YOUR TASK - Pictures aside, copy exactly the lines running from the one with "This elegant badge" to the end of the records.

RECORDED DATA -
'''
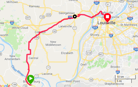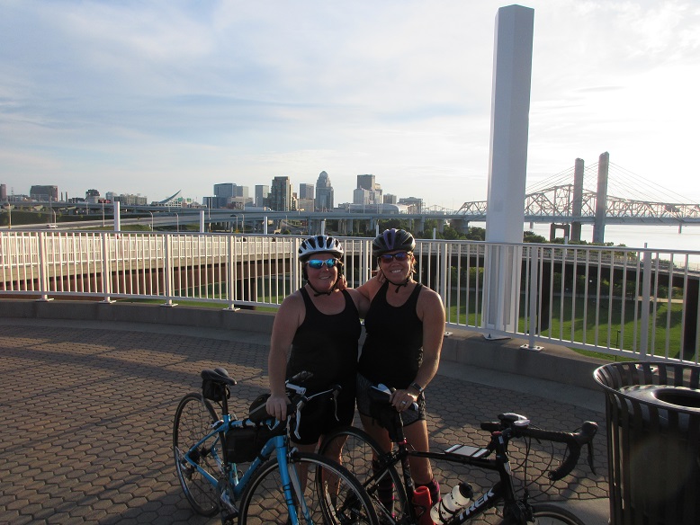 After we got back to the hotel, Greg decided to ride to a couple other local bike shops to see if he could find an interesting jersey. As he was riding down the street his bike hit a pothole and the cell phone popped out of the handlebar bag onto the street, breaking the screen. So it looks like we will be staying in Louisville another day so Gret can get his phone fixed.
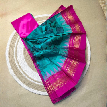 A premium pure silk Ilkal saree featuring a rich teal green body, stunning rani pink border, traditional chikki paras weaving, and a signature Ilkal Tope pallu. Handwoven elegance with vibrant...
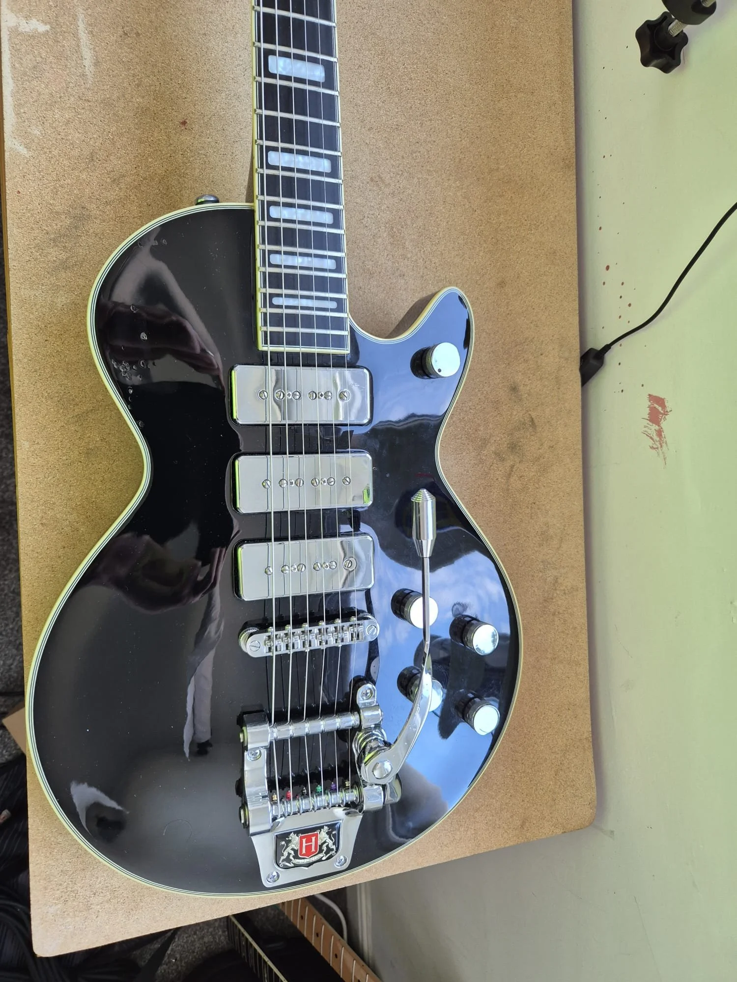 Hagstrom Super Swede!!!This beautiful super swede had quite a few indentations on the body and needed drop fills. She’s now back to her original self!!!!
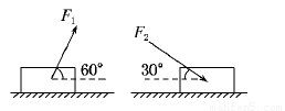 如图所示,一物块置于水平地面上.当用与水平方向成60°角的力F1拉物块时,物块做匀速直线运动;当改用与水平方向成30°角的力F2推物块时,物块仍做匀速直线运动.若F1和F2的大小相等,则物块与地面之间的动摩擦因数为( )
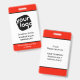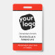 This elegant badge is perfect for any company looking to give their staff an individualised look with customised text and colours. The design features a red, black and white background that can easily be customised, as well!
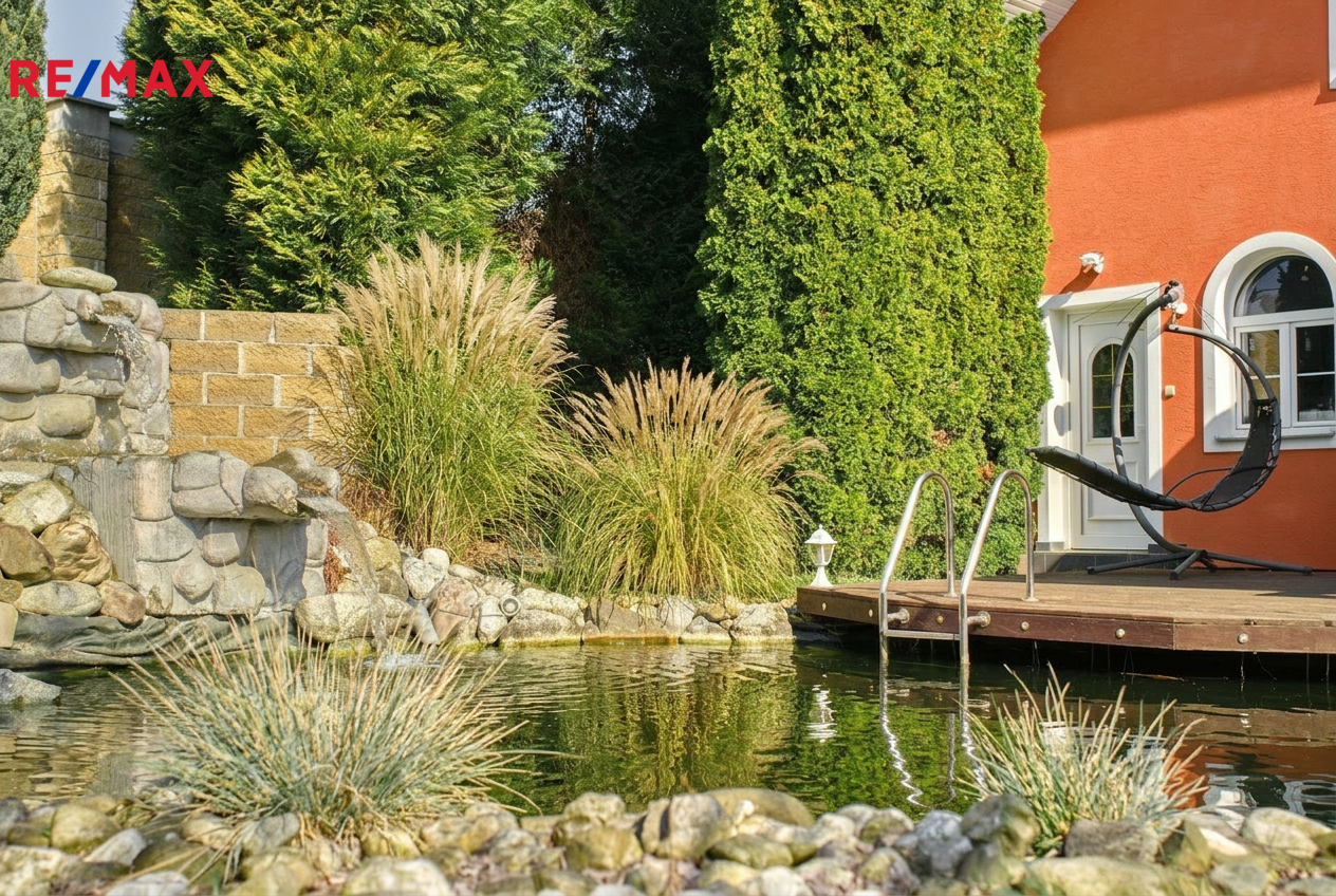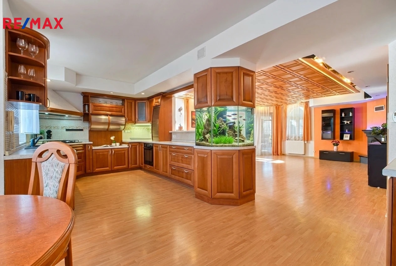 Srdcem domu je velký obývací prostor s kuchyní o velikosti cca 55 m², který přirozeně propojuje interiér se zastřešenou terasou a zahradou s jezírky. Tento prostor je ideální pro rodinné chvíle i setkávání s přáteli.
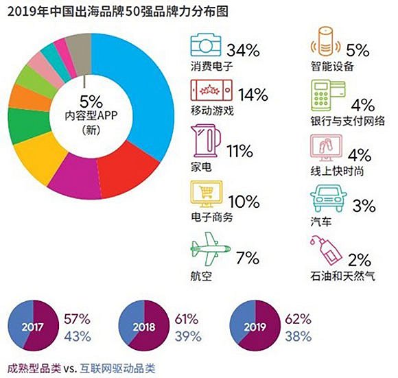全球最大的广告传播集团WPP与凯度发布的《2019年BrandZ™中国出海品牌50强报告》显示,今年中国品牌的品牌力指数同比增长15%,去年指数增幅仅为5%。
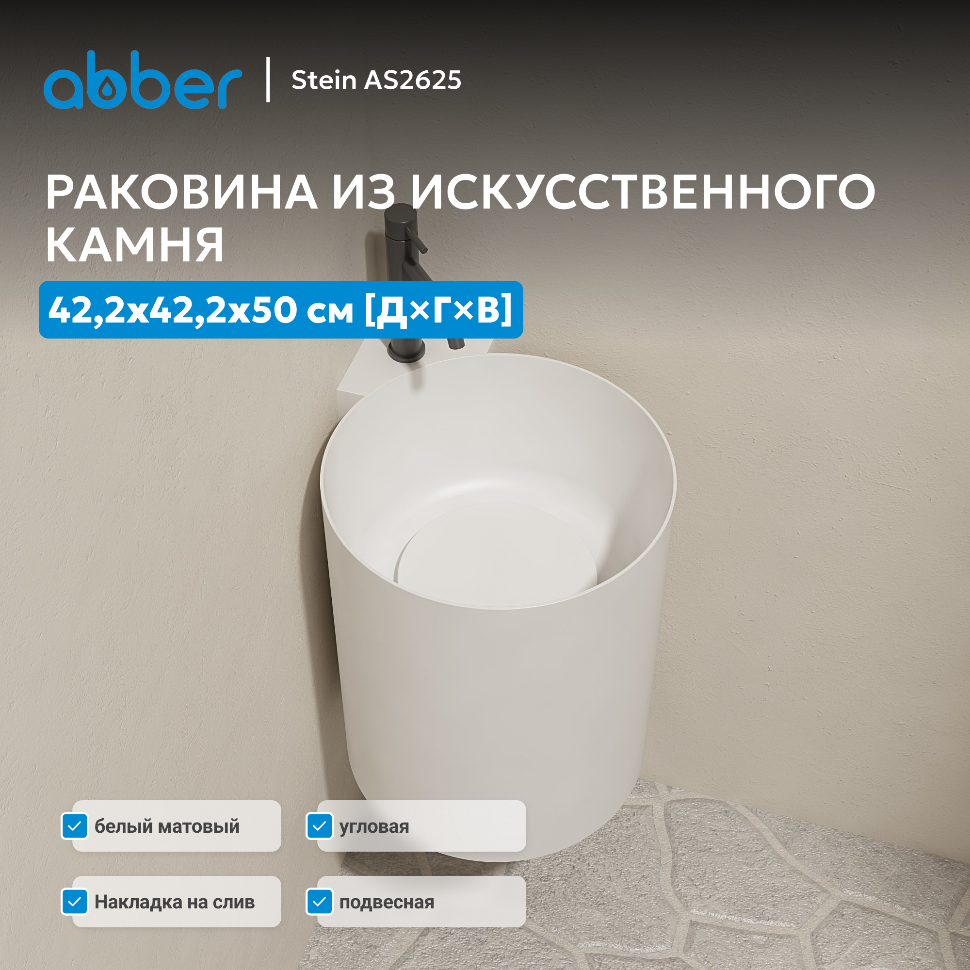 Раковина подвесная ABBER Stein AS2625 белая матовая
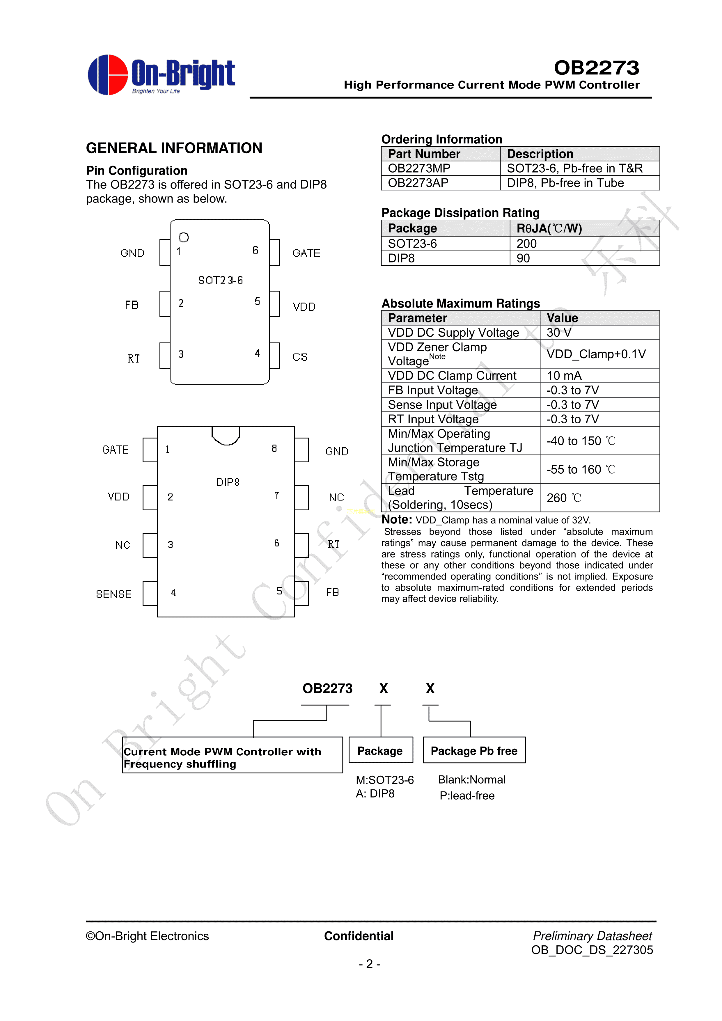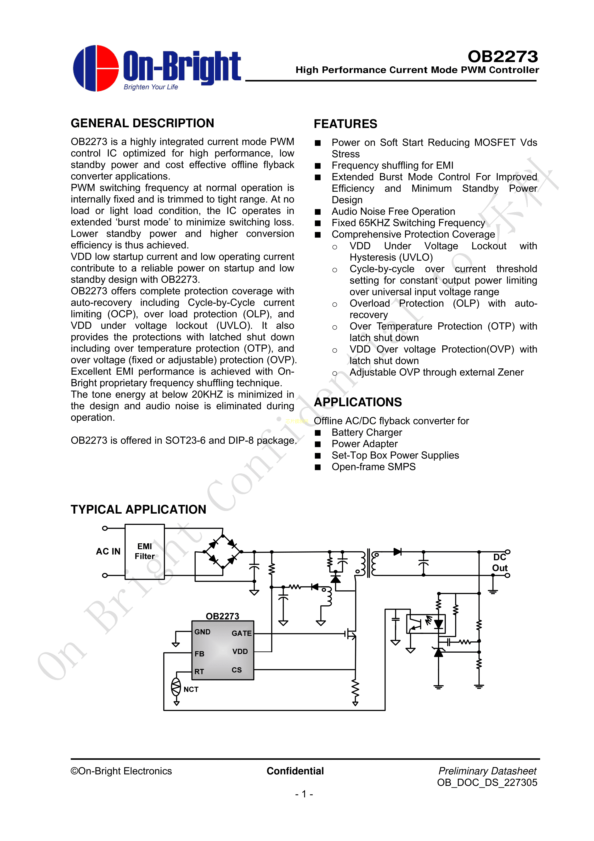 OB2273MP数据手册SOT-23-6封装OB(昂宝)PDF规格书,中英文下载
'''
OUTPUT FOR THIS TASK -
 This elegant badge is perfect for any company looking to give their staff an individualised look with customised text and colours. The design features a red, black and white background that can easily be customised, as well!
 Srdcem domu je velký obývací prostor s kuchyní o velikosti cca 55 m², který přirozeně propojuje interiér se zastřešenou terasou a zahradou s jezírky. Tento prostor je ideální pro rodinné chvíle i setkávání s přáteli.
全球最大的广告传播集团WPP与凯度发布的《2019年BrandZ™中国出海品牌50强报告》显示,今年中国品牌的品牌力指数同比增长15%,去年指数增幅仅为5%。
 Раковина подвесная ABBER Stein AS2625 белая матовая
 OB2273MP数据手册SOT-23-6封装OB(昂宝)PDF规格书,中英文下载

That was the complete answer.